The amount of constraint quantified by the C-score will depend upon the proportion of the mutational target (g_s) that is sampled by the sequencing approach, which should be proportional to the sampling of the total number of genes in the genome (n_s). Some approaches, such as targeted sequence capture, will sample only a subset of the total number of genes in the genome, which will therefore cause a bias in the estimation of constraint due to incomplete sampling, even if the genes included are a random subset of g_s. This can be most clearly seen in the calculation of C_hyper, where multiplying all the variables in Eq 1 by a given factor will cause a change in the magnitude of the effect size. By contrast, the Jaccard and PS measures of repeatability are not affected by incomplete sampling. If binary input data are being used and the proportion of g_s that has been sampled can be accurately estimated (q), then the calculation of C_hyper can be corrected by dividing all input variables by q prior to calculation, yielding a corrected score C_hyper-adj. If continuously distributed input data are being used, then the dataset can be adjusted by adding g₀ (1 − q) new entries to the dataset by randomly sampling genes with replacement from the existing dataset, and then applying Eq 2 to this extended set.

To explore the effect of incomplete sampling of the genome on the calculation of C-scores and the impact of these types of correction, we constructed a test dataset by concatenating 5 replicates from the simulations in Fig 4A with 10 large effect loci, yielding a dataset with 500 loci in total and a high amount of repeatability. We then sampled a proportion q of this total dataset to simulate incomplete representation of the genome and used the above approach calculate uncorrected and corrected C-scores. While incomplete sampling can cause considerable bias in C-scores, as long as q is not too small, these approaches yield relatively accurate corrections of these estimates (Fig 5).

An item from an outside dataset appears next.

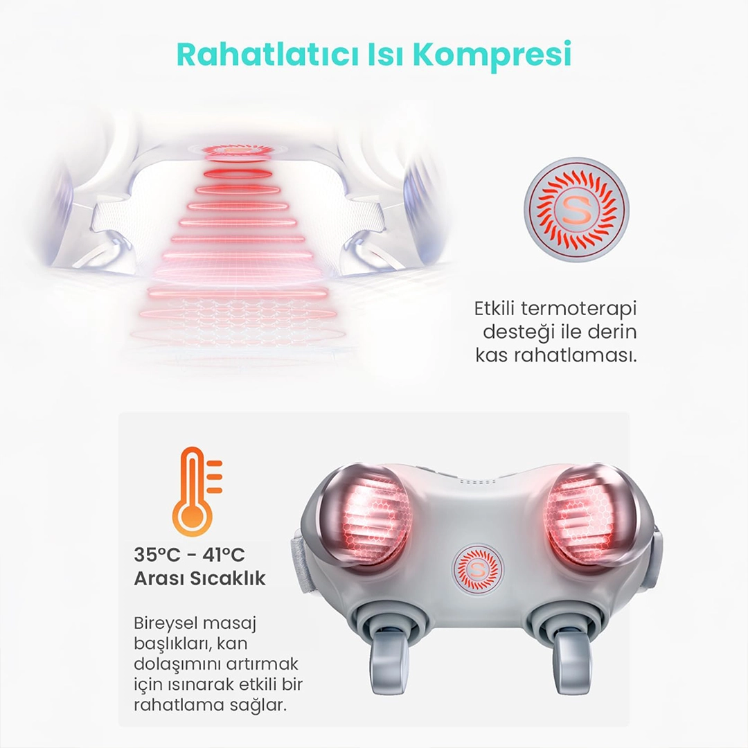 Boyun ve Omuz Masaj Aleti, geleneksel Shiatsu masaj terapisi ve kızılötesi ışık fototerapisi özellikleriyle dikkat çeker. İnsan elini simüle eden yoğurma hissiyatı ve farklı termoterapi(ısıtma) seviyeleri ile keyifli bir masaj deneyimi sunar.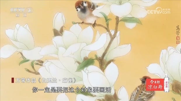 工筆花鳥畫家 上海市文史研究館館員 萬芾:我體驗(yàn)了一個(gè)生命的過程,我也看著鳥的成長,也看著花從一顆種子到發(fā)芽,到花蕾到盛開、凋零,生命的過程每次看我都很有感觸,我說生生不息,每張畫里都是這樣的給你的體會,甚至有時(shí)候我覺得我就像一一朵花,一只鳥一樣,我會自由地飛翔。

At very low values of q, the variance in estimation among replicate subsets increases as a result of sampling effects when only a small number of adapted loci are included, but on average the magnitude of the corrected C-score is independent of q.

Fig 5. Incomplete sampling of the genome causes a bias in the estimation of C -scores (C_hyper and C_chisq), but this can be adjusted by using a correction factor (C_hyper-adj) or resampling from the existing dataset up to the estimated genome size (C_chisq-adj).

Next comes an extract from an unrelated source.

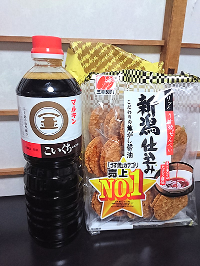 ラッキー賞で「醤油」、参加賞で「せんべい」を頂きました。

These approaches yield unbiased C-scores, although the variance of the estimates increases due to sampling effects when the proportion of sampled genes (q) is small. Figure shows estimates for 10 replicate subsamples performed for each value of q.

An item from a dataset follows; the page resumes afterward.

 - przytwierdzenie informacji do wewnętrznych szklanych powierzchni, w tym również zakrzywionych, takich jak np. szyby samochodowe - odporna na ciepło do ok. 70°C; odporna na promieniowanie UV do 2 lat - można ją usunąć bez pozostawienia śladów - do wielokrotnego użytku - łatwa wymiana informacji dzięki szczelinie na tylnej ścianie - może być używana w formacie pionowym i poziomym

Example: Stress resistance in yeast

Experimental evolution studies provide a controlled framework to test theories on the genetic basis of adaptation under a diversity of scenarios. Gerstein et al. (2012) previously conducted an experiment to examine the diversity of first-step adaptive mutations that arose in different lines initiated with the same genotypes in response to the antifungal drug nystatin [36] and in response to copper [37]. The design allowed them to directly test how many different first-step solutions were accessible to evolution when the same genetic background adapted to the same environmental stressor. In the nystatin-evolved lines they identified 20 unique and independently evolved mutations in only four different genes that act in the nystatin biosynthesis pathway: 11 unique mutations in ERG3, seven unique mutations in ERG6, and one unique mutation in each of ERG5 and ERG7 [36]. The genotypic basis of copper adaptation was broader, and there were both genomic (SNPs, small indels) and karyotypic (aneuploidy) mutations identified. If we consider just the genomic mutations, mutations were found in 28 different genes, with multiple mutations identified in four genes (12 unique mutations in VTC4, four unique mutations in PMA1, and three unique mutations in MAM3 and VTC1). If we assume that all genes in the genome could potentially contribute to adaptation (i.e. g₀ = 6604), then C_{hyper-nystatin} = 32.5, while C_hyper-copper = 12.3, and p < 0.00001 in both cases.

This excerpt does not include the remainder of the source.